Design and construction
- Architect: Handel Architects LLP
- Developer: L+M Development Partners

Other information
- Number of rooms: 750

Website
- www.livehaus25.com

= Haus25 =

57-story residential building in Jersey City, New Jersey

Haus25 is a 57-story residential building in Jersey City, New Jersey. At 626 ft, it is the 7th tallest building in Jersey City and the 8th tallest building in New Jersey. The building was first proposed in 2016, began construction in 2019, and was completed in 2022. The building is attached to an elementary school that was built alongside the development of the tower itself.

== History ==
In 2014, L+M Development Partners and the Paulus Hook Community Housing Corporation signed a deal for the sale of the 163-unit affordable housing Paulus Hook Towers and the adjacent parking lot. In the deal, the existing apartments were to have $3 million invested into them by L+M, including new windows and façade renovations. In exchange, L+M was allowed to develop a tower on the parking lot.

In 2016, a $370 million proposal by L+M Development Partners to build a 60-story tower on the site was first announced, which had been used as a parking lot for residents of the Paulus Hook Towers at 100 Montgomery Street, which would also include 750 residential units as well as retail, parking, and a public plaza, with the addition of a new public school.

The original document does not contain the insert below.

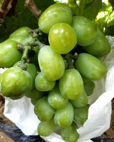 超級特大無核葡萄:8月份成熟,成熟后可在樹上掛到下霜,果粒特大,粒重35~40克,無核,果面亮麗,外觀美麗漂亮,可以剝皮吃,味道清香、肉脆、果汁多,成熟時間和巨峰同期,掛樹時間特別長,極耐貯運(yùn),早果豐產(chǎn),極易成花,極易栽培,特抗病,豐產(chǎn)、穩(wěn)產(chǎn),在國內(nèi)栽培表現(xiàn)果實(shí)更大,可達(dá)到50克以上(小雞蛋一樣),果肉細(xì)滑有彈性,吃起來有果凍的感覺,口感絕佳,該品種的試種成功,把我國特大粒葡萄品種徹底打垮,缺陷就是在山東、河南顏色是黃綠色或者淺粉紅色(著色沒有原照那么紅),果實(shí)早采的情況下和陽光玫瑰的顏色差不多,加上一層果粉,很有高級之感,如果你有遠(yuǎn)見,快發(fā)展葡萄果王,大粒葡萄品種沒有超過葡萄果王的。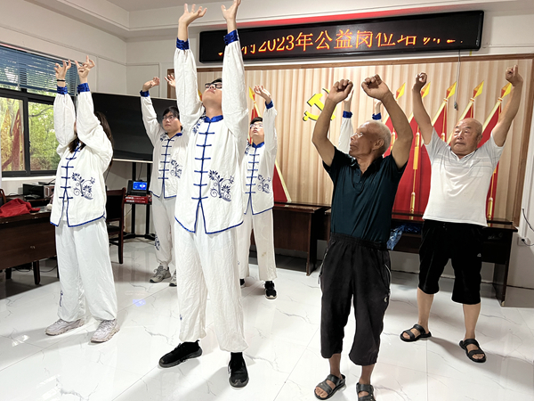 五禽戏作为药学院特色传承,实践团队成员也将这个在民间广为流传的健身医疗体操带到均张村。体检结束后,实践团队成员划分步骤带领村民操练五禽戏,细心传授给当地村民,并送上自制中草药香囊。

In 2017, the city approved a version of the tower that was 52 stories, the public school, four storefronts, and a public plaza.

In 2019, the tower began construction, and was dubbed a new name, The Charlotte. By this point, the tower was to be built to its current 57-story height, along with other slight modifications. The development was to include 750 units, including 244 studios, 249 one-bedrooms, 224 two-bedrooms, and 33 three-bedrooms, with 37 apartments set aside for affordable housing. The building is to have 17,000 sq ft of retail space split amongst four storefronts, as well as a 36,000 sq ft elementary school, which was to be sold to Jersey City for $1. Additionally, a public plaza on the corner of Columbus Drive and Warren Street.

In 2022, the building was completed.

In 2023, the owner of the property refinanced the building for $340 million.

== Amenities ==
All units within the building contain quartz-countertop kitchens with full-height backsplashes. They all include modular closets, in-unit washer and dryers, smart thermostats, and video intercom systems.

There is a large outdoor rooftop deck with various amenities on it. This includes fire pits, grilling stations, cabanas, foosball tables, billiard tables, and an outdoor amphitheater. The building contains a 60 by 35 foot pool, which includes a spa. There is also a pet spa and dog run.

Inside the building, there are various other amenities. The building contains a fitness center, spin and yoga studios, co-working area with conference rooms, and a terrace with private dining. Additionally, the building contains lots of creative and entertainment amenities, including a makerspace, chef's kitchen, karaoke lounge, bowling alley, game room, golf simulator, and children's playroom.

The building is smoke-free, and contains an app that shares data on the building's energy usage and carbon footprint.

Within the parking garage, there are electric vehicle charging stations on each floor, as well as 375 bicycle parking spaces.

The building also contains a 24-hour concierge and a WiFi enabled cafe.

Haus25 is located near two PATH stations, two Hudson-Bergen Light Rail stations, several NJTRANSIT bus stops, two Hudson-Bergen Light Rail stations, as well as two ferry stations serving the NY Waterway and Seastreak.